Non è un caso che inizi ad emergere una figura, quella del community manager, che spesso viene dedicata esclusivamente alla facilitazione di queste comunità clienti e dipendenti!

I noi dell’azienda e i voi clienti non funziona per chi ha la necessità di immedesimarsi col cliente, vivere la sua vita, cogliere con tempestività l’emergere di nuove declinazioni di bisogni e desideri per reagire prontamente e non rincorrere. Ecco allora il desiderio di creare una comunità o una “community” dipendenti–clienti tutti insieme: anche per permettere ad ogni parte dell’azienda di comprendere “in diretta” il proprio possibile contributo all’innovazione. E’ qui che la modalità social ci trae in inganno!

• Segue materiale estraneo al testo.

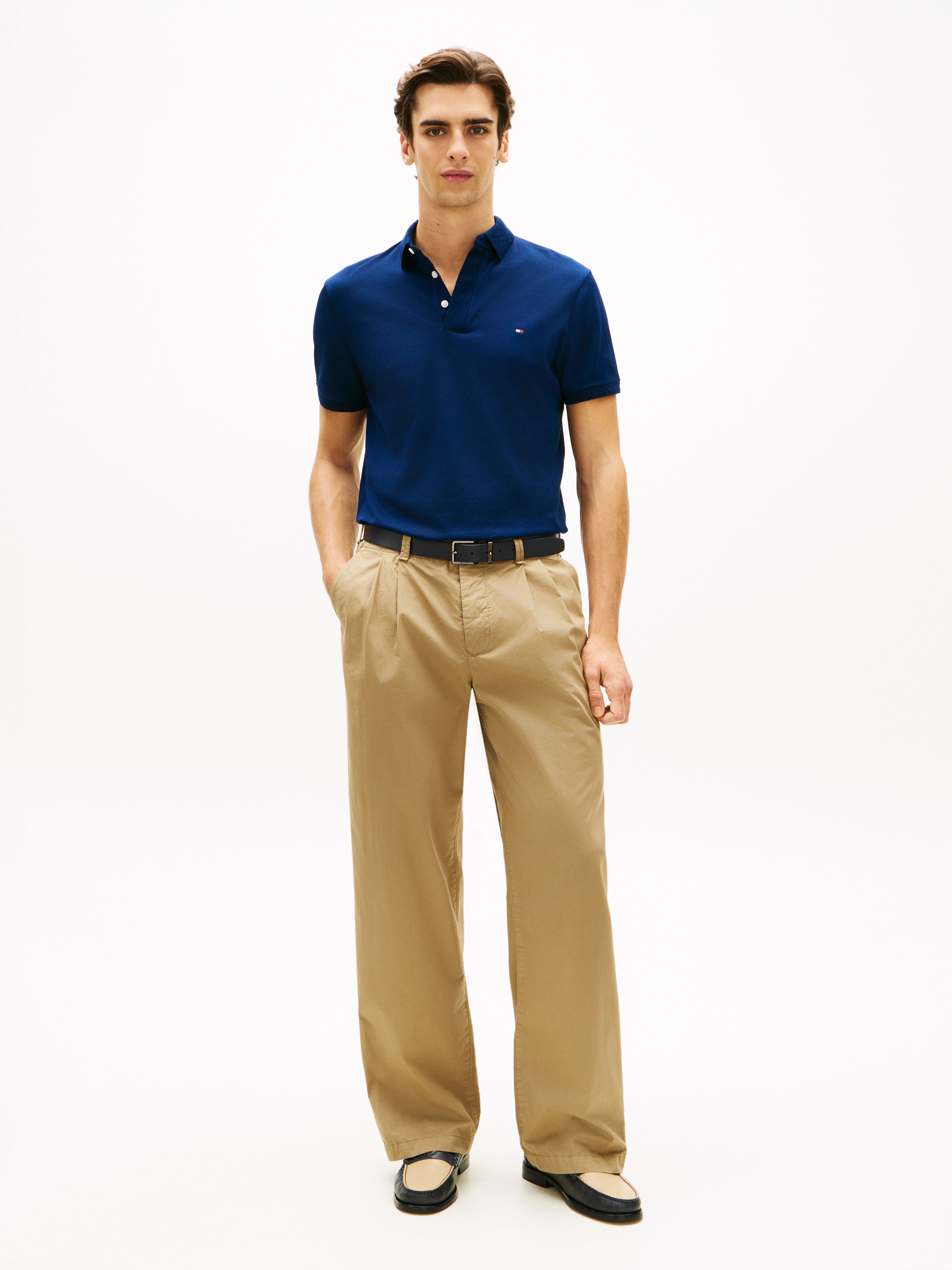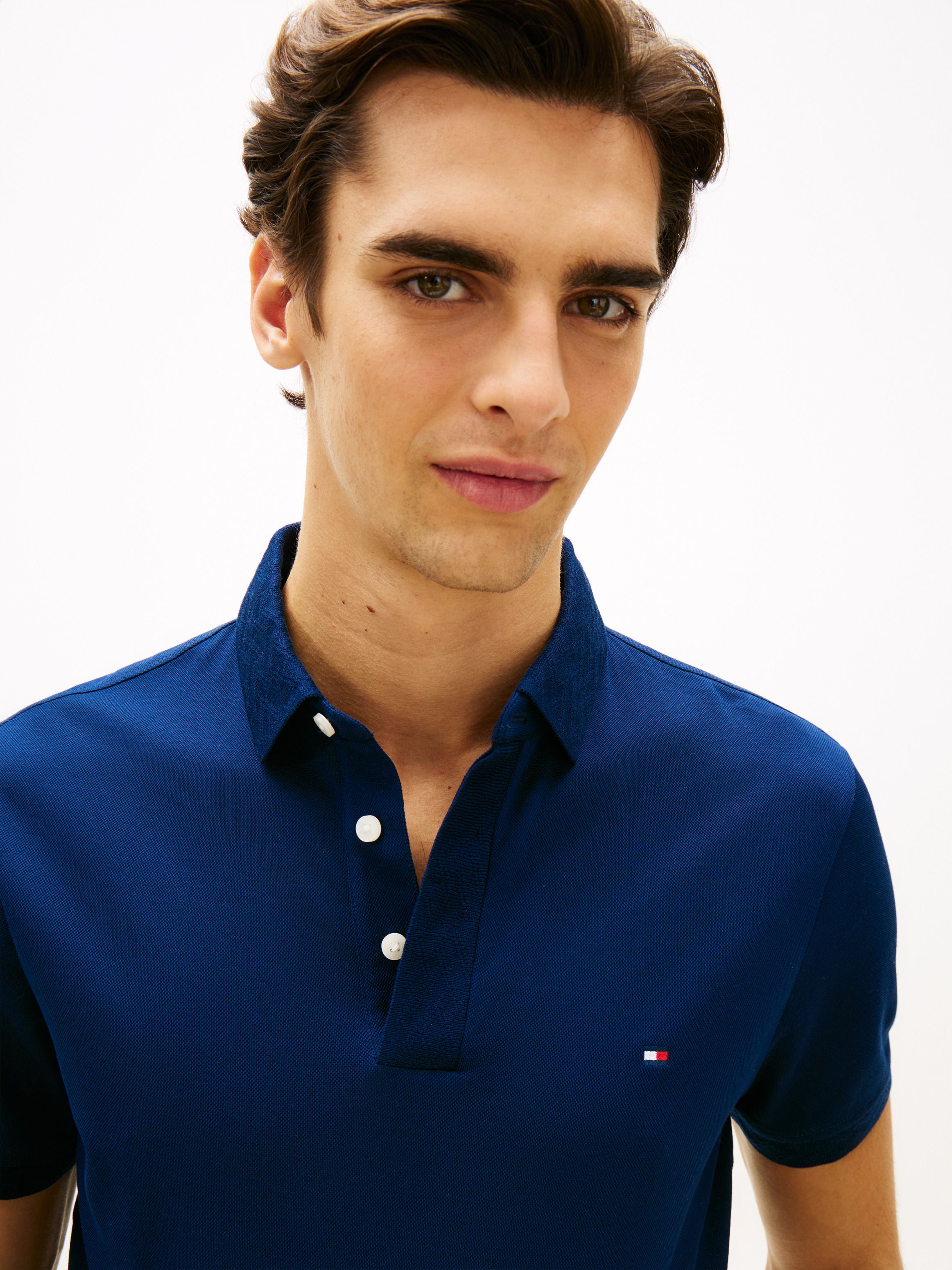 • Pure mercerised cotton pique • All-over jacquard flag on collar and placket • Polo collar • Concealed placket • Signature tape inside neckline • Tommy Hilfiger branding • Tommy Hilfiger flag embroidery on chest
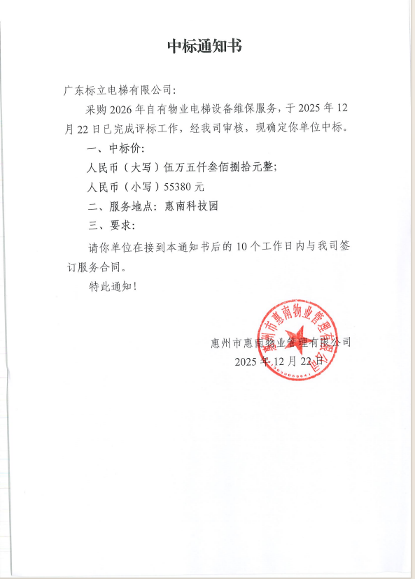 【中標(biāo)通知】采購(gòu)2026年自有物業(yè)電梯設(shè)備維保服務(wù)
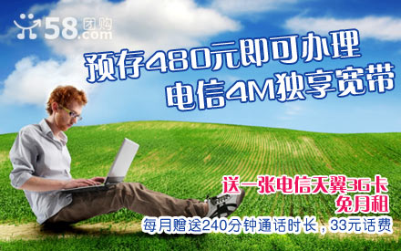 廣州團(tuán)購(gòu):預(yù)存480元即可辦理電信4M獨(dú)享寬帶1308/包年【原價(jià)4580/2年】,預(yù)存480分24個(gè)月返還,送一張3G手機(jī)卡,每月有33元話費(fèi)與240分鐘通話時(shí)長(zhǎng)!
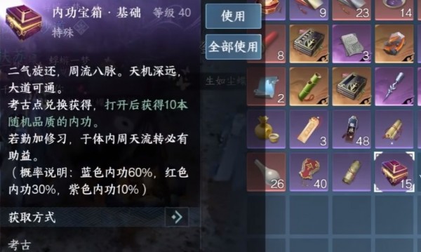 可以直接换十个宝箱,打开宝箱直接生成十个随机内功。
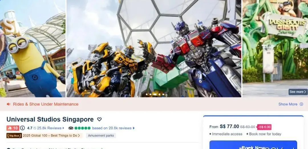 环球影城一个人77新币(大概430人民币),差不多一天玩下来也够了。
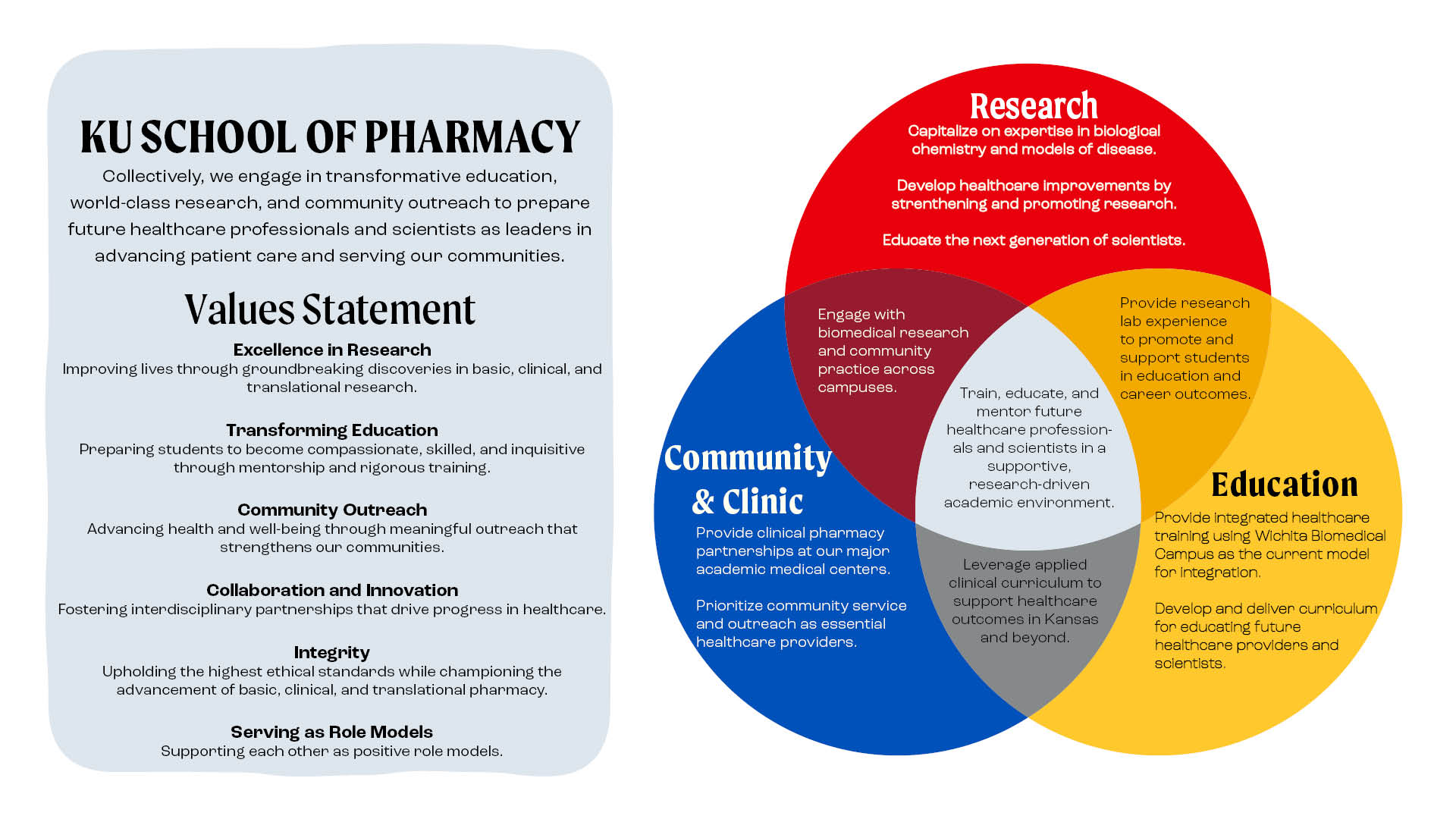 The University of Kansas School of Pharmacy advances health through integrated excellence in education, research, and community engagement.
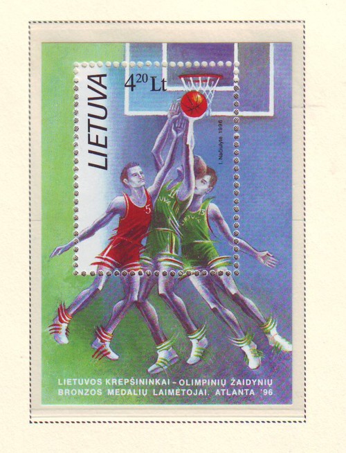 Lithuania  Scott Catalogue number 557 1996 Lithuanian Olympic Basketball |Team Bronze Medal Winners stamp souvenir sheet .Mint, fine to very fine original gum never hinged  .Member Canadian Stamp Dealers Association .Canadian Customers - I pay the GST/HST on your purchases from me .
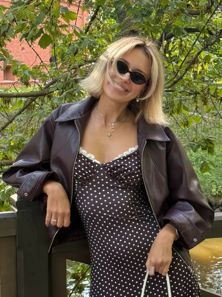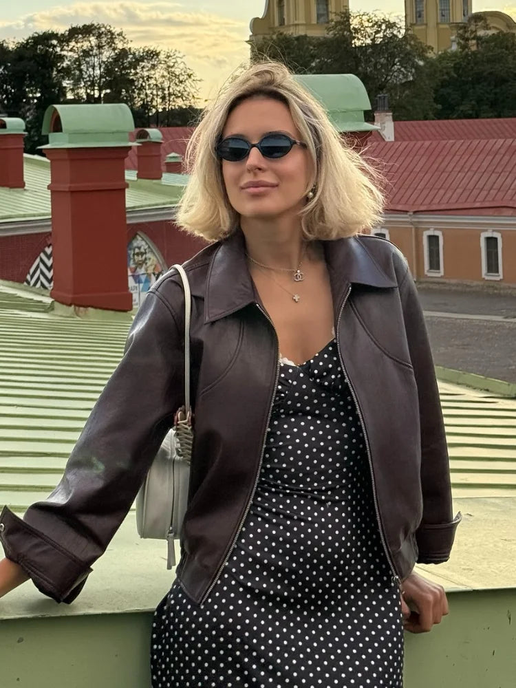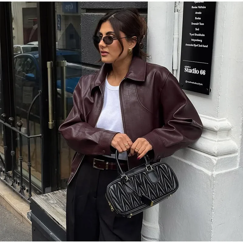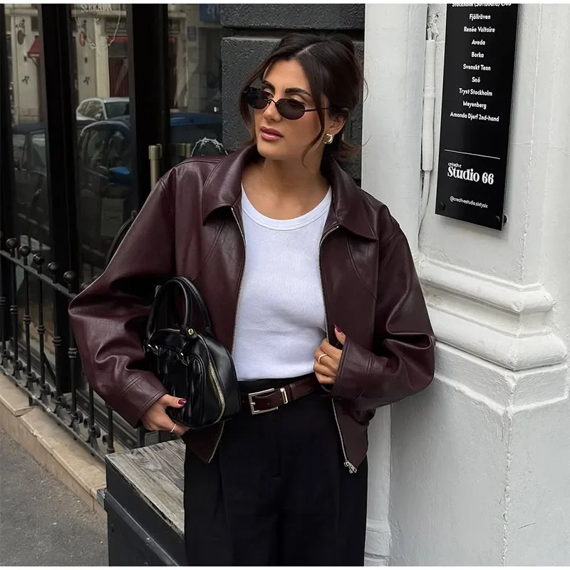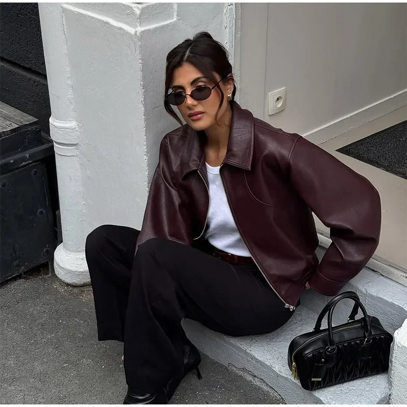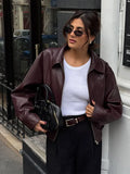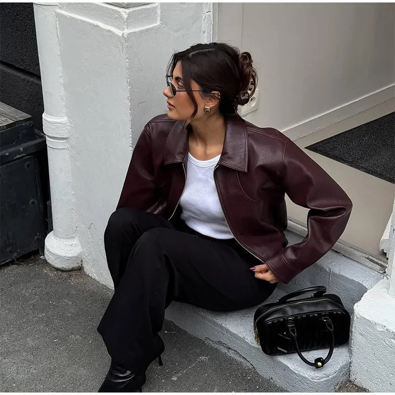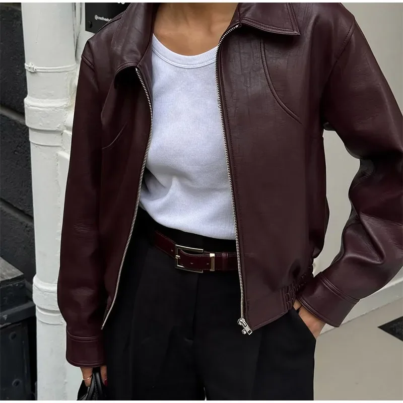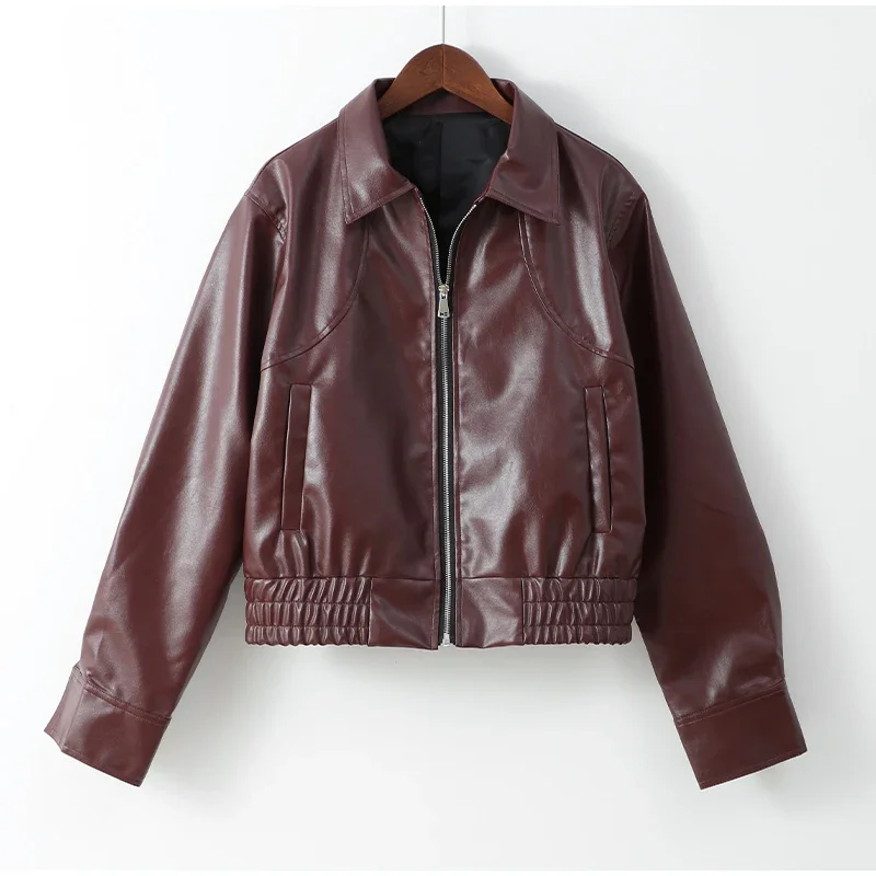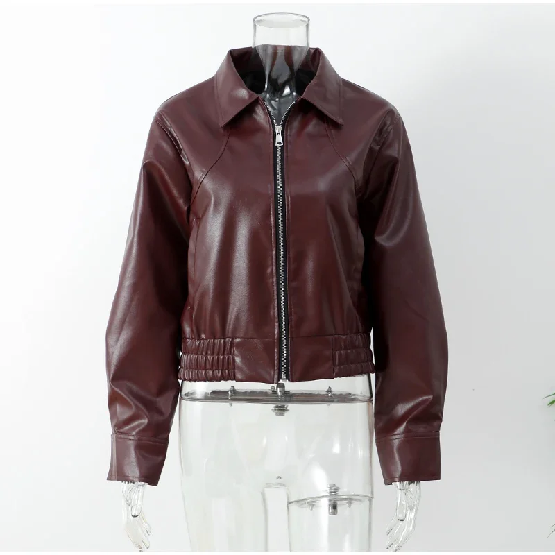 Fashion Lapel Short Leather Coat Women Retro Solid Zipper Simple Long Sleeve Jackets Female Autumn Fashion Casual Street Jacket

Le “community” sui social hanno la logica “leader-follower”, o se preferite, “influencer-follower”: attorno ad una personalità si radunano spesso migliaia di follower dando l’illusione di aver costruito una vera e propria comunità. Questo però non è vero! Tali gruppi sono spesso evanescenti alla prova delle conversioni, quando si chiede l’adesione ad un prodotto piuttosto che ad un evento. Le vere comunità miste fra clienti e collaboratori sono uno dei nuovi, apprezzati e produttivi, oltre.

Davvero the new black is: andare oltre, quasi un life-style per i protagonisti delle nostre imprese.